Летом 1880 года он вновь гостил в Медане. Атмосфера собственного домашнего очага сильно его угнетала. Отношения с Гортензией совсем разладились. Совместная жизнь стала обоим не в радость. Будучи подругой художника, Гортензия могла бы рассчитывать на нечто большее, нежели череда монотонных дней. Из-за постоянных переездов с места на место и необходимости скрываться она даже не имела возможности общаться с теми немногими друзьями и знакомыми, которые у неё ещё оставались. Но и в Медане атмосфера была не из благодушных. Полю пришлось долго ждать ответа Золя на своё письмо, в котором он изъявлял желание нанести Эмилю визит, если, конечно, «не будет ему в тягость». Наконец приглашение было получено, и Поль отправился в Медан, чтобы провести там лето и писать, писать без устали свои картины. Может быть, Золя был не рад ему? Да, Сезанн умел доставить хозяевам массу неудобств: он постоянно просил ссудить ему денег, не торопился уезжать восвояси… И считал всё это в порядке вещей. Разве сам он не принимал у себя Эмиля с распростёртыми объятиями? Разве их не связывали узы старинной, почти братской дружбы, которая превыше всех мелочных счётов, перипетий бытия и всяких недоразумений? Просто Эмилю повезло, и он первым пробился в жизни, вот и всё. Только это не очень пошло ему на пользу. Поль нашёл друга в каком-то нервном возбуждении и страхе, тот словно боялся, что у него под ногами вот-вот разверзнется пропасть. Может быть, изменения в его жизни произошли слишком быстро и он оказался не готов к ним? Успех, деньги, статус величайшего писателя современности — всё это вдруг свалилось на него, а ведь ещё совсем недавно он безуспешно пытался выкарабкаться из нищеты… Душу его раздирала постоянная борьба между гордостью за достигнутое и неуверенностью в своих силах, а от этой неуверенности в себе излечиться невозможно. Властвуя в Медане, в своей Литературной республике, он никак не мог избавиться от страха, что его счастье в один миг закончится катастрофой, что смерть уже на пороге. Он то грустил, то впадал в ярость. И это успех? Или недоразумение? Сплошной обман? И зачем тогда суетиться, постоянно что-то достраивать, демонстрируя растущее благосостояние, если понимаешь, что всё это не имеет никакого или почти никакого значения?

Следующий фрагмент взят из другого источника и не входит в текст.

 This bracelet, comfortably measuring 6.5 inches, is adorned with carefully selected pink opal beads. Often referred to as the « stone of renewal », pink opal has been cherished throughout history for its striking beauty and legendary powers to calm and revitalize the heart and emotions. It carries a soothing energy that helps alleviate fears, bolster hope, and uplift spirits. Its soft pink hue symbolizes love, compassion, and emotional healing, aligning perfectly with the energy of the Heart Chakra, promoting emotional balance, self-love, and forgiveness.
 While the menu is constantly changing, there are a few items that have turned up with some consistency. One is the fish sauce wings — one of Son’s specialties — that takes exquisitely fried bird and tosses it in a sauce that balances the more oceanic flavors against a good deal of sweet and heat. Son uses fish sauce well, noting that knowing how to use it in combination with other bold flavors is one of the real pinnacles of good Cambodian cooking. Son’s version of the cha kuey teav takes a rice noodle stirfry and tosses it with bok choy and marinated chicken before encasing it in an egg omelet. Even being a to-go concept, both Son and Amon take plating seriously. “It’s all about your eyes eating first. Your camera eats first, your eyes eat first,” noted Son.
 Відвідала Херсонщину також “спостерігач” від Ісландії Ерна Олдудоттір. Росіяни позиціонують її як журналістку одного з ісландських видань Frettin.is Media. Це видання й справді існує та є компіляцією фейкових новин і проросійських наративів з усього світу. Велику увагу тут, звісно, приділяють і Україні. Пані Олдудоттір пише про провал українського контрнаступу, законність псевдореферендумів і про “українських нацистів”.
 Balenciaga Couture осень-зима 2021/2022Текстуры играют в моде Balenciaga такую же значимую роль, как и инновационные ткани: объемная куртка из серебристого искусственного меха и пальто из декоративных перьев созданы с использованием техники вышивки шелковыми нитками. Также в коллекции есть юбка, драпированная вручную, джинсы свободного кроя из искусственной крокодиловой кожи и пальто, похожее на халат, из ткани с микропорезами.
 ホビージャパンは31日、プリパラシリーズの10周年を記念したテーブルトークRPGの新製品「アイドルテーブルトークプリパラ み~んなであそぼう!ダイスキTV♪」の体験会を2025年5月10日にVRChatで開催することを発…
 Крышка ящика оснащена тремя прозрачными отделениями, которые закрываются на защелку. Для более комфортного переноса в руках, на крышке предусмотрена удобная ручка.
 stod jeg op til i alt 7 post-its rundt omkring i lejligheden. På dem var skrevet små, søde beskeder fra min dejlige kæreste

А постоянно отиравшиеся вокруг него личности, которых, словно магнитом, притягивал к себе его успех? Конечно, среди них были и достойные люди, но много и самых обычных выскочек, а также беззастенчивых представителей, как сказали бы сейчас, шоу-бизнеса, типа Бузнаха, поставившего на театральной сцене «Западню» Золя. Этот человек, краснобай и циник, уже тогда отлично понимал, что можно легко нажить богатство, потрафляя низменным инстинктам безмозглой толпы. Чтобы избежать общения с этими неприятными ему людьми и доставить удовольствие хозяевам, Сезанн взялся писать портрет мадам Золя, разливающей чай для гостей. Взявшись за кисть, Поль превращался в тирана. Своей модели он запрещал не то что шевелиться, но даже дышать. И эта пытка могла длиться часами. Как-то к ним подошёл Гийеме. Этот дамский угодник и шутник решил поболтать с госпожой Золя, и та неосторожно изменила позу Сезанн пришёл в бешеную ярость: он сломал кисти и изодрал холст. Что за несносный тип!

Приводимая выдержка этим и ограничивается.